- Co powiedziałaś...? - Spytała lodowatym głosem dziewczyna, odwracając się powoli. Starsza tylko zaplotła ręce na piersi, uśmiechając się wrednie. Zerwałam się na nogi, cały czas patrząc na Kelly.
- To co usłyszałaś. - Odgryzłam się, lekko zaciskając pięści. Dziewczyna rzuciła się na mnie. Odskoczyłam odruchowo w bok. W sumie moje ciało robiło to za mnie. Kilka razy było blisko.
- Hej! - Zawołał nagle ktoś, wchodząc między naszą dwójkę. Dopiero po chwil;i rozpoznałam białowłosą dziewczynę. Patrzyła na nas, marszcząc brwi. Obok niej stał wilk, warcząc cicho. - Głuche jesteście? Jak macie się bić, to na arenie. - Powiedziała chłodno, przenosząc wzrok na stojącą kawałek dalej dziewczynę. Znowu popatrzyła na nas i odeszła.
- Kto to był? - Spytałam, patrząc za nią. Kelly wykorzystała to i mocno uderzyła mnie w ramię, po czym odeszła.
- Ała. - Mruknęłam, rozcierając bolące miejsce.
- Nie wchodź mi więcej w drogę. - Usłyszałam na odchodnym i zostałam sama.Położyłam się na jednej z ławek i zapatrzyłam w niebo.

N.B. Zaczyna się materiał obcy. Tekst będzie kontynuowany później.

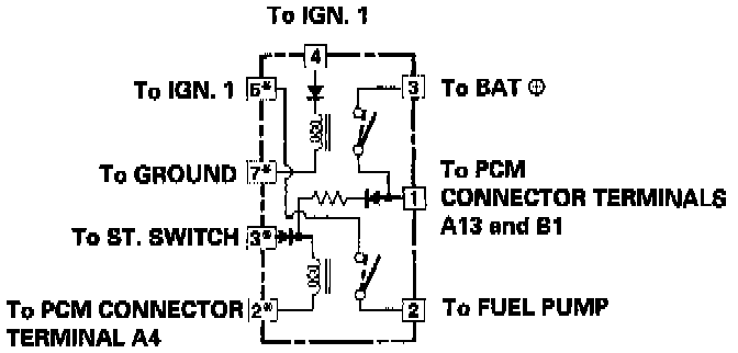 3. Attach the battery positive terminal to the No. 4 terminal and the battery negative terminal to the No. 7* terminal of the PGM-FI main relay. Then check that there is continuity between the No. 3 terminal and No. 1 terminal of the PGM-Fl main relay.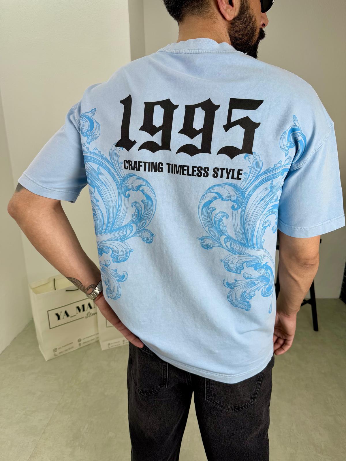 Yıkamalı Baskı Detaylı Oversize T-Shirt Mavi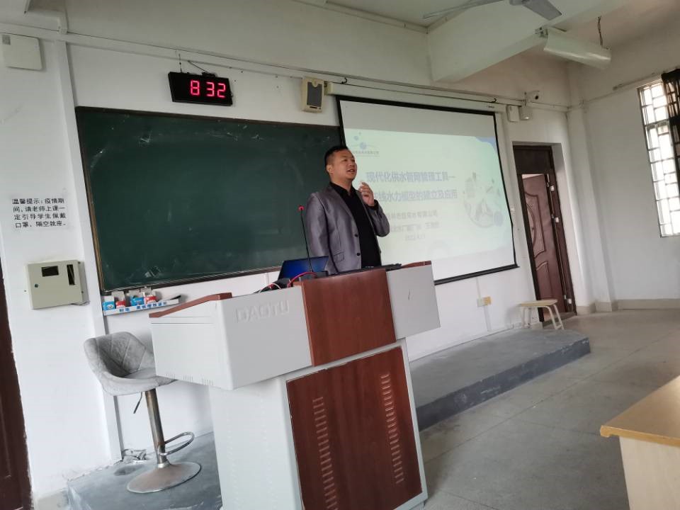 为提升些学生学习兴趣,拓展学生视野,提高学生实践能力,给排水专业邀请桂林市自来水公司城北水厂副长厂王浩然来我校雁山校区教6楼举行了授课活动,主要针对工程实际,讲授了桂林市管网建模过程与管网运行调度情况,在分享行业发展前景的基础上重点剖析了桂林市的供水情况,水力模型和管网管理,讲授结束后,王老师和同学们进行了深入的交流,为同学们解答了有关工程实践方面的困惑,强化了学生对本专业的认知度,增强了自身所学专业未来发展的信心,体会到了专业理论知识的实用性。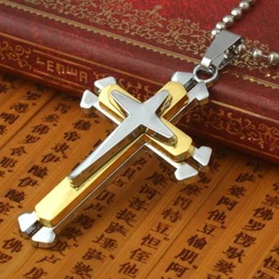 Titanium Cross Necklace (Yellow) / Fashion Commemorative Jewelry Gift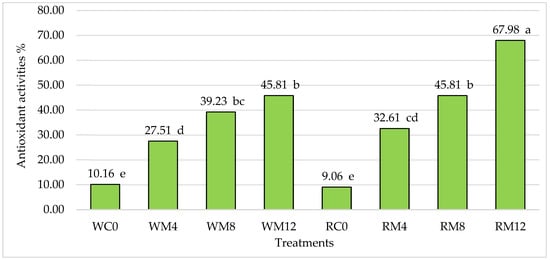 Influence of mulberry leaf additives on antioxidant activities in butter cookies, %. Note: The differences between the means not marked by the same letter (a, b, c, d, e) are significant at p ≤ 0.05. WC—wheat flour cookies without mulberry leaf additive (control), WM4—wheat flour cookies with 4% mulberry leaf additive, WM8—wheat flour cookies with 8% mulberry leaf additive, WM12—wheat flour cookies with 12% mulberry leaf additive, RC—rice cookies without mulberry leaf additive (control), RM4—rice flour cookies with 4% mulberry leaf additive, RM8—rice flour cookies with 8% mulberry leaf additive, RM12—rice flour cookies with 12% mulberry leaf additive.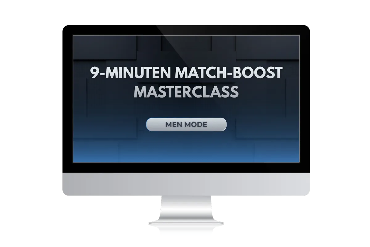 Der 9-Minuten Match-Boost ist das Wissen aus Jahren voller Tests, Optimierungen und direktem Feedback von echten Frauen – in ein System gepackt, das dich zum Mann macht, auf den sie matchen, antworten und sich freuen zu treffen.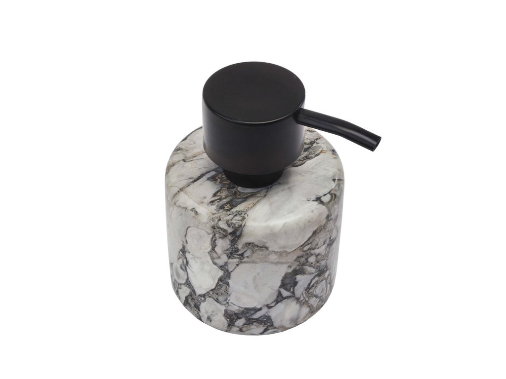 Dávkovač mýdla z kolekce Nero je ztělesněním elegance a minimalismu v koupelnovém designu. Jeho tělo tvoří masivní černý kámen s jemným mramorováním, který v kombinaci s matnou nerezovou ocelí vytváří dojem klidné síly a přirozené noblesy. Precizně zpracovaný povrch každého kusu je výsledkem ruční práce, díky níž se každý dávkovač stává jedinečným designovým objektem.

- Hej! - Usłyszałam Melisę i odwróciłam się. Szła uśmiechnięta, razem z resztą domku Hermesa. Po chwili pojawiły się też inne domki.
- Hej. - Odpowiedziałam, siadając prosto.
- Uuu... Niezły siniak. - Powiedziała dziewczyna, siadając koło mnie i wskazując palcem na fioletowe miejsce.
- Dzięki.
- Ktoś ci przywalił? - Spytał jakiś chłopak, siadając po mojej drugiej stronie. - Zakład, że ktoś od Aresa.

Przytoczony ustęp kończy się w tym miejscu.